Chief Operating Officer BPI Danantara sekaligus Kepala BP BUMN, Dony Oskaria mengaku masih harus mengecek lebih lanjut mengenai wacana aksi korporasi tersebut. Menurutnya,
merger merupakan bagian dari strategi internal perusahaan.
“Nanti saya cek bagaimana karena itu kan aksi korporasi. Bukan aksi pemegang saham, jadi kita mesti cek di internal mereka apakah itu bagian dari komponen strateginya,” ujar Dony usai menghadiri rapat di Gedung DPR RI, Senayan, Jakarta, Senin, 31 Agustus 2026.
Kendati demikian, Dony menilai konsolidasi atau
merger antara BUMN dengan perusahaan swasta merupakan hal yang lumrah, sepanjang sesuai dengan peta jalan (
roadmap) bisnis perseroan.
“Mungkin saja kan, enggak ada masalah selama itu bagian dari
roadmap. Saya belum tahu, nanti saya mesti cek,” jelasnya.
Ia menegaskan, keputusan mengenai
merger berada di level operasional dan manajemen induk usaha, yakni PT Telkom Indonesia Tbk.

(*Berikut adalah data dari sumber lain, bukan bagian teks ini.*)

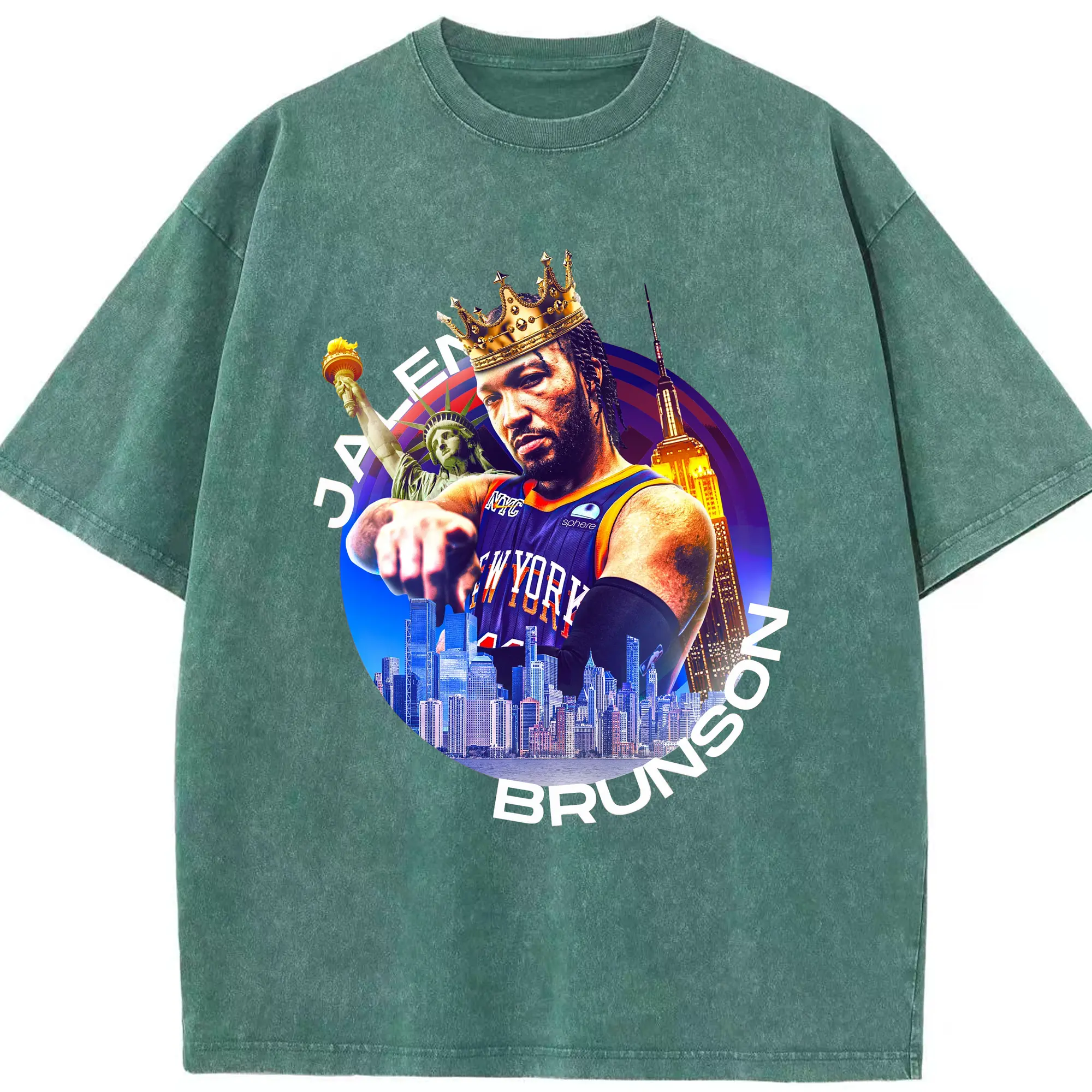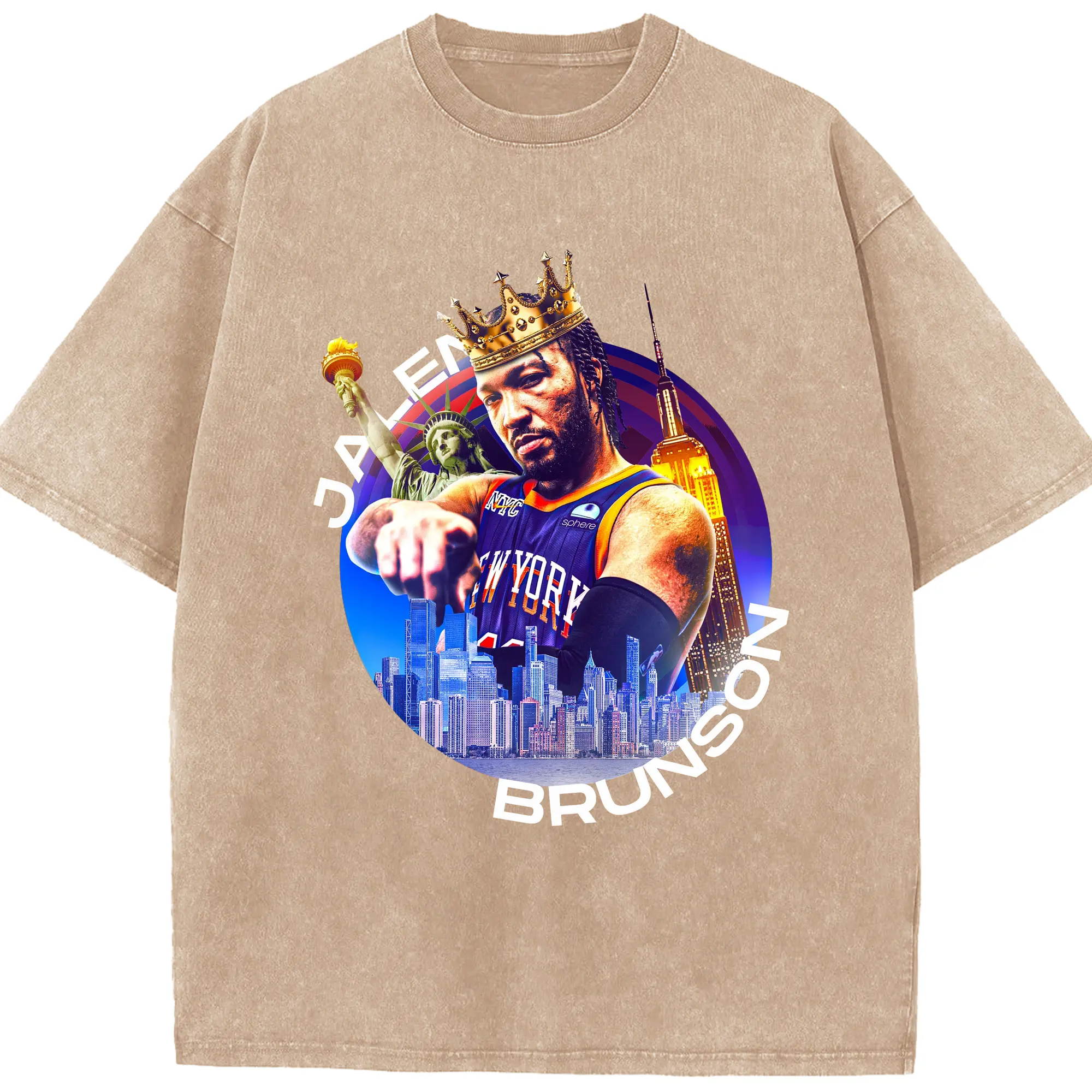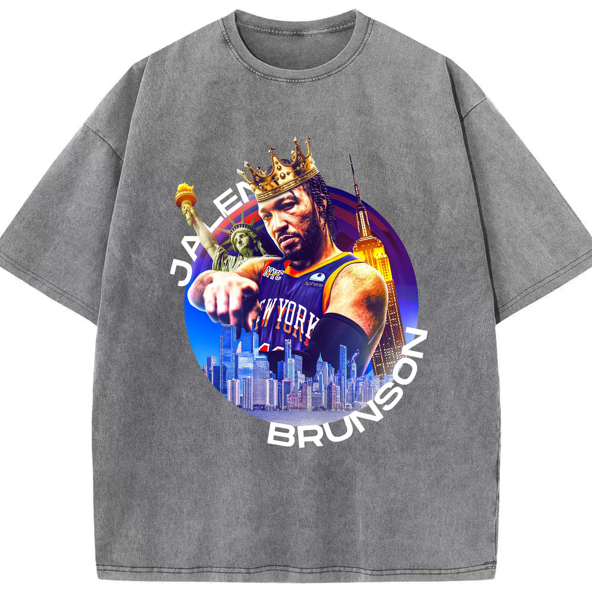 Jalen Brunson King of the New York Knicks Image Shirt - Washed Vintage Look 230g Cotton Oversized T-Shirt With Front Heat Transfer Print – Soft, Lightweight, Stylish Fit – Comfortable Casual Wear For Sports & Everyday Use

“Pada dasarnya setiap perusahaan punya rencana kerja masing-masing. Nanti coba ditanyakan ke Telkom ya, bagaimana prosesnya karena mereka punya hierarki. Sampai saat ini masih di level mereka,” tutur Dony.

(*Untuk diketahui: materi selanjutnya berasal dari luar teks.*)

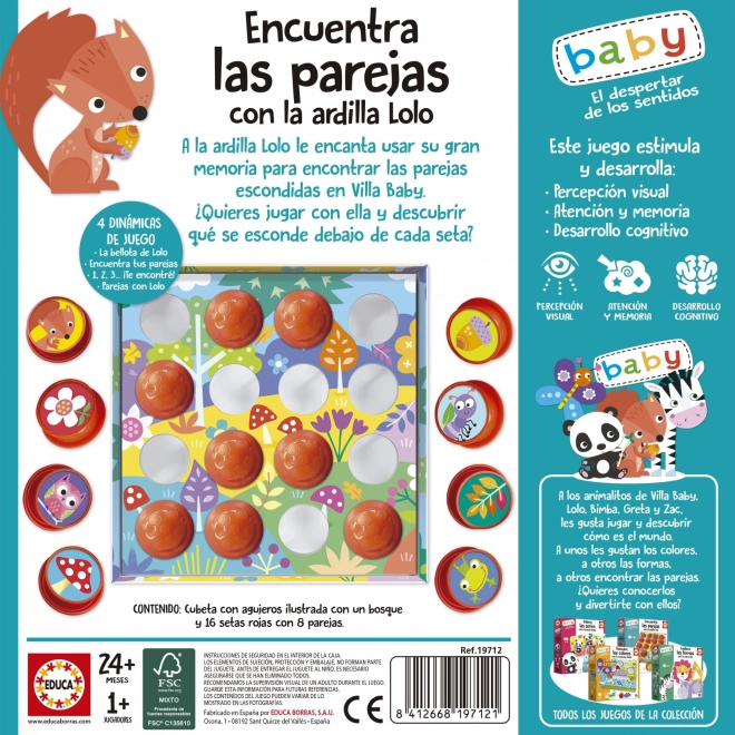 EDUCA Baby Trova le coppie con lo scoiattolo Lolo è un gioco educativo che aiuta i bambini dai 24 mesi a sviluppare la memoria, la motricità e la creatività attraverso la ricerca di immagini abbinate.

Secara terpisah, pihak PT Telkom Indonesia (Persero) Tbk menegaskan bahwa Mitratel secara berkala memang mengevaluasi berbagai opsi strategis demi ekspansi bisnis dan peningkatan nilai perusahaan. Namun, Telkom belum membenarkan adanya kesepakatan
merger dengan TBIG.
"Terkait informasi spesifik tersebut, saat ini perseroan belum dapat memberikan komentar lebih lanjut," kata SVP Group Sustainability & Corporate Communication Telkom, Ahmad Reza.
Kabar mengenai merger Mitratel dan TBIG ini bukanlah yang pertama kali berembus. Wacana serupa sempat mencuat pada 2015 lalu, namun batal terealisasi karena tidak mendapatkan persetujuan dari pemegang saham.